The Queue block is used for transient storage of entities. Three types of queueing policies are available for a Queue block: FIFO, LIFO, and Priority.

When a request to send (or push) an entity arrives at a Queue block, the Queue block determines whether it has room to store the entity. If its buffer is full, the Queue block rejects the request to have the entity sent to it. If space is available in its buffer, the Queue block responds that it can accept the entity.

When an entity arrives at a Queue block that uses a FIFO or LIFO queueing policy, the entity is stored at the appropriate end of the buffer. For Queue blocks that use a Priority policy, the Queue block extracts the priority value from an attribute defined for the entity and uses that value to determine where to place the entity in the buffer. The Queue block then sequentially notifies each block connected to its OutEntity port to ask whether it is ready to receive an entity. The Queue block selects an entity (based on the queueing policy—FIFO, LIFO, or Priority) to send out through the OutEntity port to the first downstream block that responds affirmatively. (Entities can also be pulled out through the Queue block’s OutEntity port by a downstream block. In this case the Queue block also selects the entity to release according to the queueing policy.)

When a Queue block’s buffer is no longer full (due to an entity leaving the Queue block or the Queue block’s capacity being increased), the Queue block attempts to pull entities from upstream through the InEntity port until it is at capacity or no entities are available to pull.

If the Queue block’s reneging option is activated (by selecting the Reneging option in the properties dialog box), then after an entity enters the Queue block, the Queue block attempts to pull a numeric value from its InRenegeWait port. If the Queue block pulls a nonnegative number from the port, it schedules a time for the entity to exit the Queue block via the OutRenege port if the entity is still in the Queue block’s buffer at that time. Otherwise no time for reneging is scheduled. If there is no connection to the OutRenege port, no reneging occurs.

Any time an entity enters or exits the Queue block, the Queue block pushes the value of its buffer’s length (the number of entities being held by the Queue block) to the OutLength port. Any time an entity exits the Queue block via its OutEntity port, the Queue block pushes a value that represents how long that entity waited in the buffer to the OutWait port.

An integer value can be pushed through the InCapacity port to set the capacity for the Queue block (the size of its buffer). Valid incoming values for this port are integers in the range of 0 to 2,147,483,647. If the capacity of a Queue block is reduced dynamically during the simulation run, any excess entities are removed from the Queue block (according to the queueing policy being used) and are sent out the OutBalk port. If there are no connections to the OutBalk port, the entities are destroyed.

Entities in Simulation Studio are hierarchical. That is, entities can hold other entities. The term controlling entity denotes an entity that holds other entities, and the term root entity denotes an entity that is not held by another entity. Each entity held by another entity has one root entity associated with it. The root entity for any held entity is found by traversing up the entity hierarchy from the held entity.
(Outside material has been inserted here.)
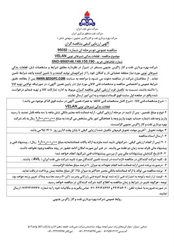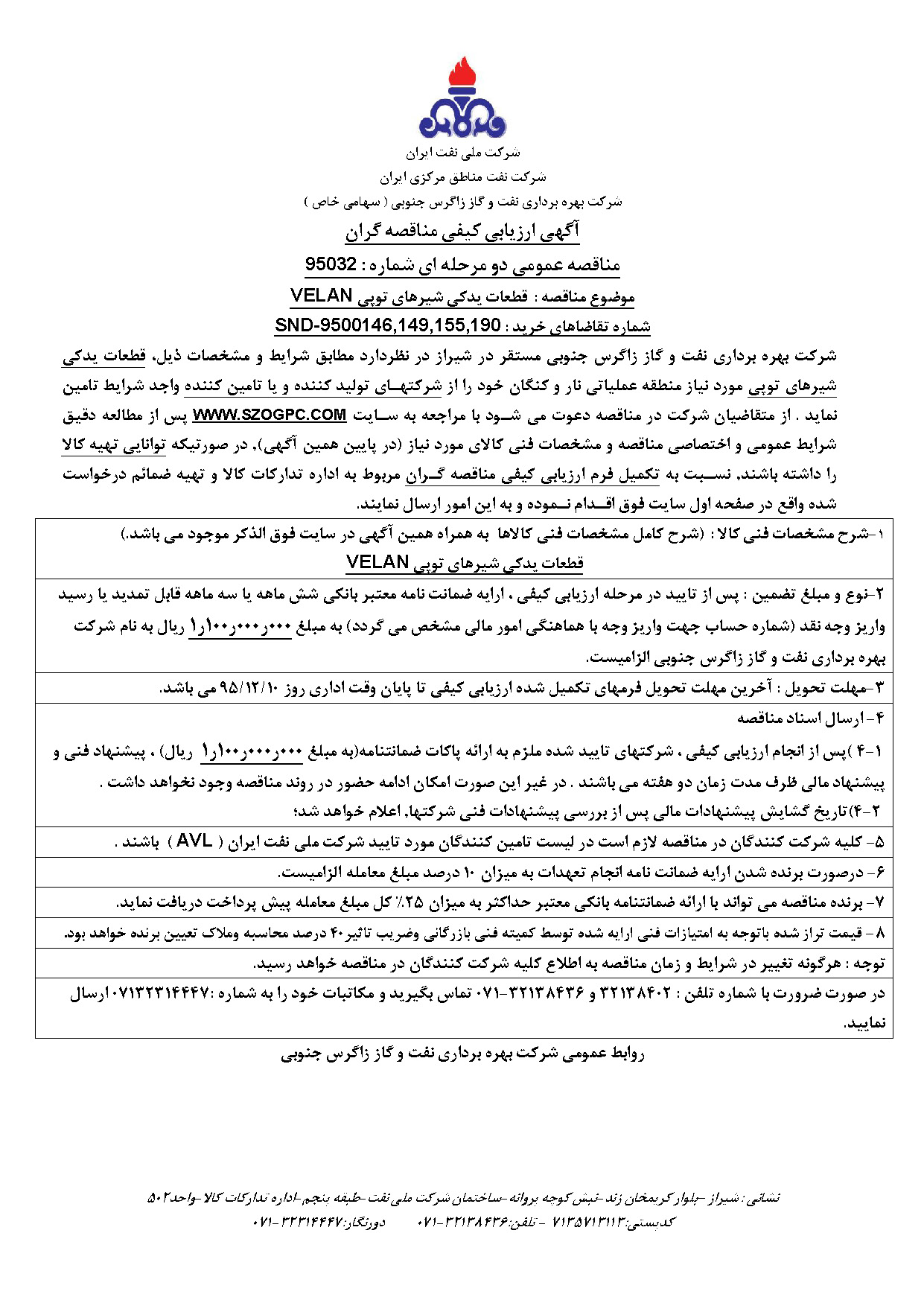 تقاضاهای خرید قطعات یدکی شیرهای توپی VELAN مورد نیاز منطقه عملیاتی نار و کنگان نوع مناقصه شماره 95032 سازمان مرکزی شرکت بهره برداری نفت و گاز زاگرس جنوبی سازمان برگزار کننده شرکت بهره برداری نفت و گاز زاگرس جنوبی نوع برگزاری موضوع حوزه فعالیت توضیح مختصر قیمت پیوست 0 تومان وضعیت انقضا اطلاعات تکمیلی واحدپولی برآورد مالی ریال محدوده داخلی وضعیت برگزاری عادی اطلاعات اسناد مهلت دریافت سند ۱۰ اسفند ۱۳۹۵ ۰۹:۱۷ محل دریافت اسناد استان: فارس, شهر: شیراز در صورت ضرورت با شماره تلفن : 32138402 و 32138436-071 تماس بگیرید و مکاتبات خود را به شماره :07132314447 ارسال نمایید. اطلاعات پیوست عنوان اندازه (KB) مشخصات فنی 95032 13697.42 شرایط عمومی و اختصاصی مناقصه 95032 6434.53 اسناد فرم اعلام وصول مناقصه 95032 117.50

Entities being held by a Queue block can be preempted either by input to the block’s InPreempt port or by a scheduled resource entity event. In order for a root entity that is held by a Queue block to be preempted, the OutPreempt port (or OutBalk port) must have at least one link attached to it. Similarly, for a resource entity that is held by a controlling entity that is in turn held by the Queue block to be preempted, the OutResource port (or OutBalk port) must have at least one link connected to it.

The Queue block’s InPreempt port accepts an Entity Group object as input. (An Entity Group is a collection of references to entities.) When an Entity Group object is pushed to a Queue block’s InPreempt port, the Queue block iterates through the Entity Group collection looking for matches to root entities held by the Queue block. For any matched entity, the Queue block first tries to push that entity out its OutPreempt port. If this push is not successful, the block attempts to push the entity out the OutBalk port. If this also fails, the entity continues to be held by the Queue block until either it exits out the OutEntity port or it is preempted again.

The Queue block, like all entity holding blocks, detects potential preemptive changes (such as those scheduled by a Resource Scheduler block) to resource entities it holds (either directly or indirectly through a controlling entity).

If the number of units associated with a held resource entity decreases or the state of a held resource entity becomes nonfunctional, the Queue block attempts to preempt that resource entity. If the resource entity identified for preemption is a root entity, then the Queue block follows the same protocol for pushing an entity out its OutPreempt port that the InPreempt port uses. If the resource entity is part of a controlling entity, the Queue block removes the resource entity from the controlling entity and attempts to push the associated root entity out the OutPreempt port. The Queue block then attempts to push the preempted resource entity out its OutResource port, or if that fails, out its OutBalk port. If there is a connection to the Queue block’s OutResource port and the Queue block cannot push the resource entity out either the OutResource or OutBalk port, the resource entity is disposed.

The Queue block also provides an OutHoldings port that other blocks can use to pull an Entity Group object that contains a collection of references to entities held by the Queue block.